Information given -
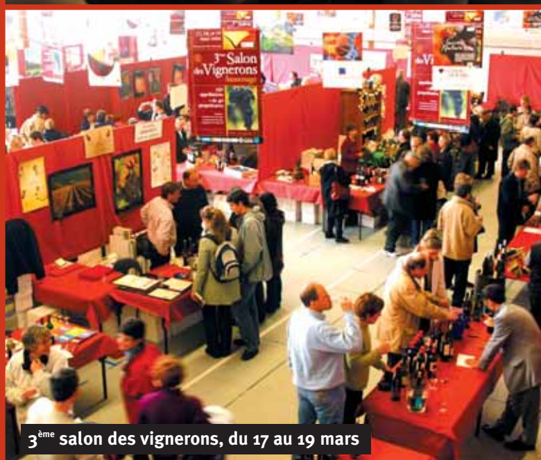
3 ème salon des vignerons, du 17 au 19 mars
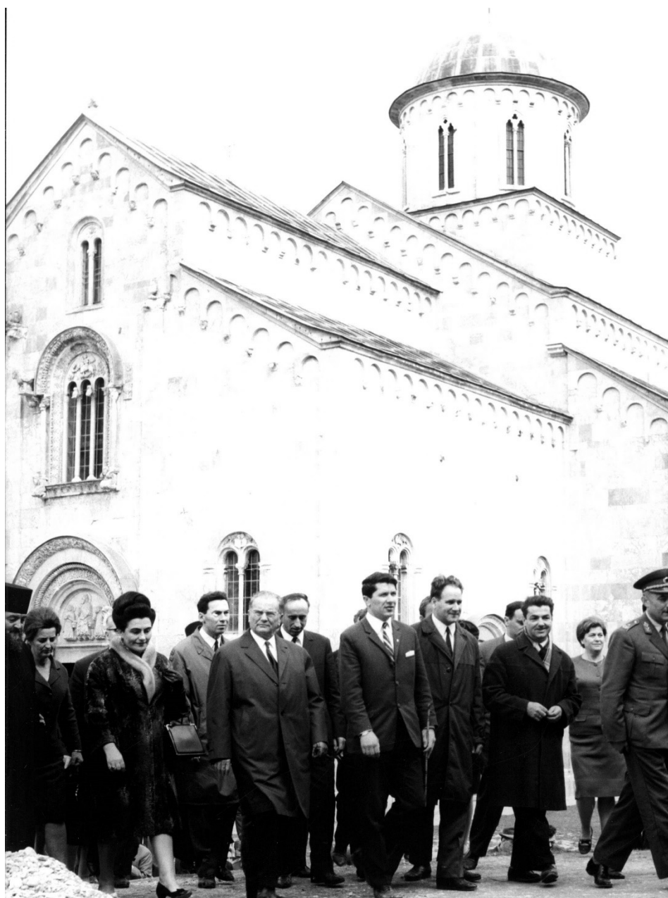
Посета Јосипа Броза Тита Косову и Метохији. Разгледање српског манастира Високи Дечани, 28. март 1967 (МЈ, 1967-330-109)
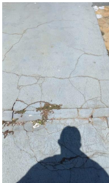
Imagem 02 – Rampa de acesso principal danificada e sem direcionamento tátil.
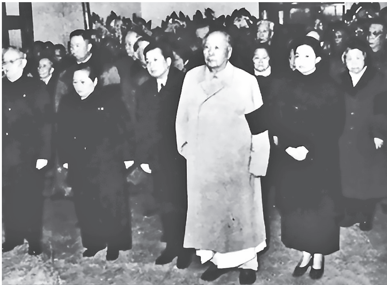
▲毛澤東穿白色睡衣參加陳毅追悼會。

10月8日，毛會見埃塞俄比亞(Ethiopia)的君主海爾·塞拉西(Haile Selassie)時，只說了寥寥數語，周恩來早早地結束了會見。林彪出逃前一天才見到毛的官員，吃驚地發現毛一個月不到，形容全非。
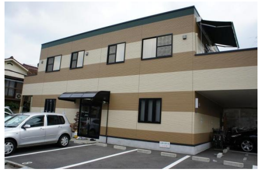
3日目は千葉大学近くのPBLスクールで準備を行います。

西千葉子ども起業塾は残業禁止なので、前日に準備が終わらなかった会社は、11時半の第三土曜日スタートまでに、準備を進めます。
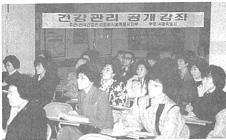
▼성황리에 마친 건강관리공개강좌의 마지막 강좌 "간장질환"을 듣기 위해 모인 일반주민들
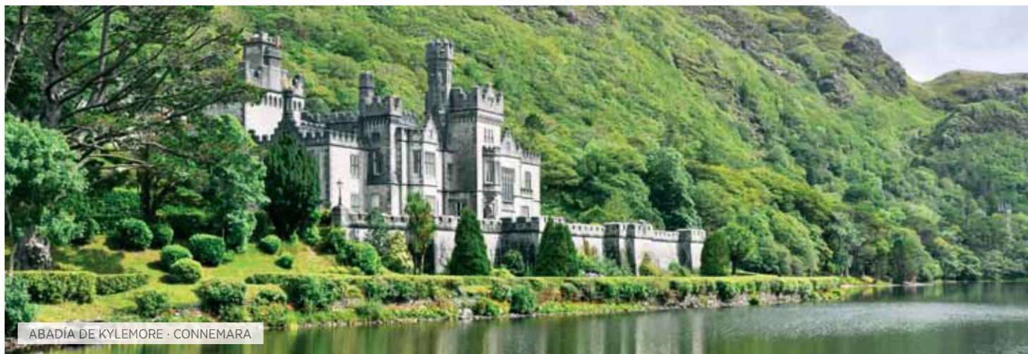
ABADÍA DE KYLEMORE · CONNEMARA

Problem statement - Set down all of the material word for word, but keep each picture out.

Answer space -
3 ème salon des vignerons, du 17 au 19 mars
Посета Јосипа Броза Тита Косову и Метохији. Разгледање српског манастира Високи Дечани, 28. март 1967 (МЈ, 1967-330-109)
Imagem 02 – Rampa de acesso principal danificada e sem direcionamento tátil.
▲毛澤東穿白色睡衣參加陳毅追悼會。

10月8日，毛會見埃塞俄比亞(Ethiopia)的君主海爾·塞拉西(Haile Selassie)時，只說了寥寥數語，周恩來早早地結束了會見。林彪出逃前一天才見到毛的官員，吃驚地發現毛一個月不到，形容全非。
3日目は千葉大学近くのPBLスクールで準備を行います。

西千葉子ども起業塾は残業禁止なので、前日に準備が終わらなかった会社は、11時半の第三土曜日スタートまでに、準備を進めます。
▼성황리에 마친 건강관리공개강좌의 마지막 강좌 "간장질환"을 듣기 위해 모인 일반주민들
ABADÍA DE KYLEMORE · CONNEMARA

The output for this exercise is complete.